- **MATERIALS PROVIDED**
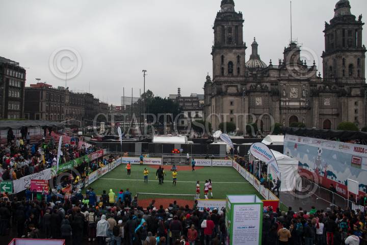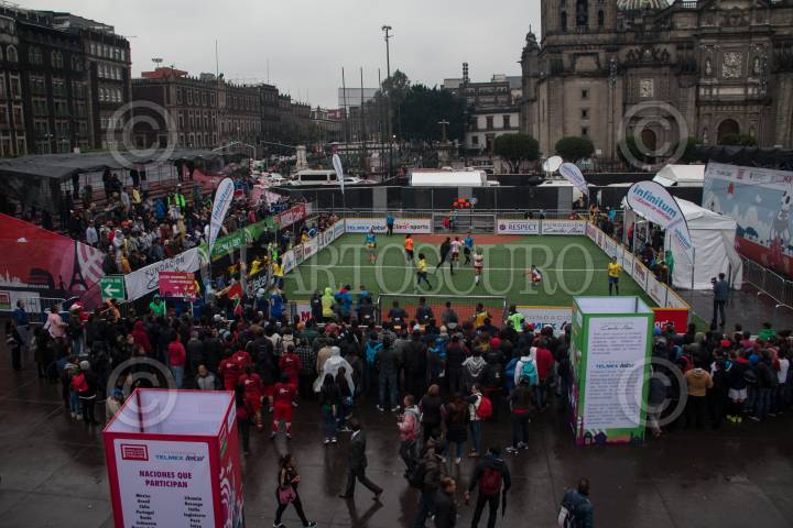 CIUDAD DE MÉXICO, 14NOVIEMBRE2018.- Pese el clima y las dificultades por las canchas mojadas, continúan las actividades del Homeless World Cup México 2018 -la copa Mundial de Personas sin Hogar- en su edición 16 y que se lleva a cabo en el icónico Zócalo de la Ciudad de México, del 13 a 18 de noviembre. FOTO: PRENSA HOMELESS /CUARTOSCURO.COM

---

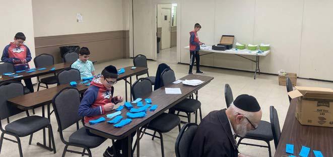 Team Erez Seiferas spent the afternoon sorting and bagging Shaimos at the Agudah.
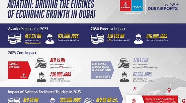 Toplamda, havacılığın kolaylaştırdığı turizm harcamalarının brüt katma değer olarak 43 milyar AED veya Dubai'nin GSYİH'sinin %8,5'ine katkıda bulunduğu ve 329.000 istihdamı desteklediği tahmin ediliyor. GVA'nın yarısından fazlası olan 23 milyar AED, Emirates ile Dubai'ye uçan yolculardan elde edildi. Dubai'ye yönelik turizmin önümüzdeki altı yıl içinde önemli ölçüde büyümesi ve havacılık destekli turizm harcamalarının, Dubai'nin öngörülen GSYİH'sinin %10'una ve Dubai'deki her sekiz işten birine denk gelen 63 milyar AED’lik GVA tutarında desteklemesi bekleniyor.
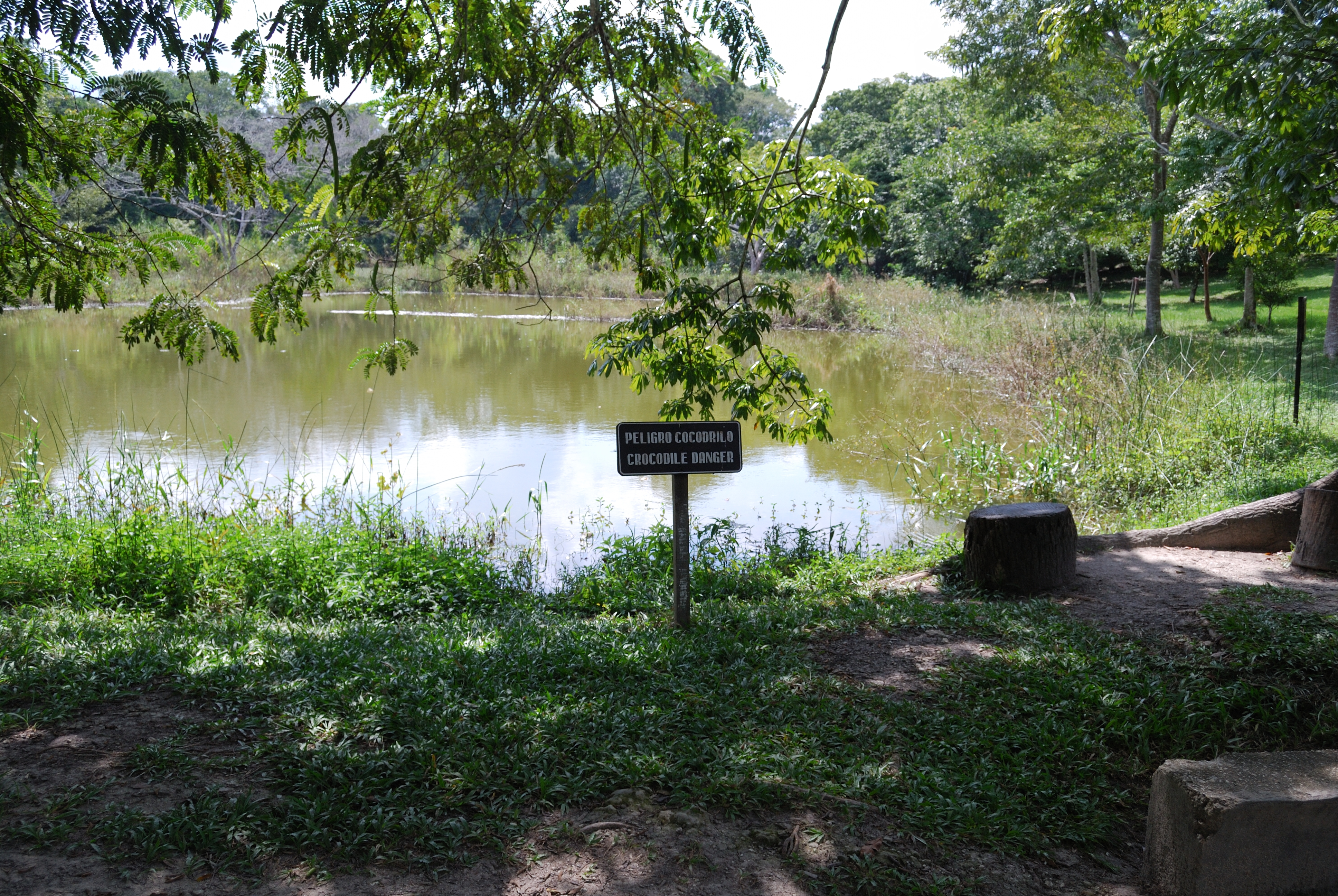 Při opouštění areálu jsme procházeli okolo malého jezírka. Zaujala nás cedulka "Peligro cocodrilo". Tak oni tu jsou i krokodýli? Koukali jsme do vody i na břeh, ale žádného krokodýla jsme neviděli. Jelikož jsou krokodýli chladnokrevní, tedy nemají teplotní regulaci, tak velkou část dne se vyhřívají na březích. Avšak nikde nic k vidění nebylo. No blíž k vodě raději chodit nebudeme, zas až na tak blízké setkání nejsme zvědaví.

- **TASK TO CARRY OUT**
Look above for the line with "Team Erez Seiferas" and the line with "Toplamda, havacılığın kolaylaştırdığı", then copy them and all lines in between exactly as written, and only those, without any pictures.

- **ANSWER SPACE**
 Team Erez Seiferas spent the afternoon sorting and bagging Shaimos at the Agudah.
 Toplamda, havacılığın kolaylaştırdığı turizm harcamalarının brüt katma değer olarak 43 milyar AED veya Dubai'nin GSYİH'sinin %8,5'ine katkıda bulunduğu ve 329.000 istihdamı desteklediği tahmin ediliyor. GVA'nın yarısından fazlası olan 23 milyar AED, Emirates ile Dubai'ye uçan yolculardan elde edildi. Dubai'ye yönelik turizmin önümüzdeki altı yıl içinde önemli ölçüde büyümesi ve havacılık destekli turizm harcamalarının, Dubai'nin öngörülen GSYİH'sinin %10'una ve Dubai'deki her sekiz işten birine denk gelen 63 milyar AED’lik GVA tutarında desteklemesi bekleniyor.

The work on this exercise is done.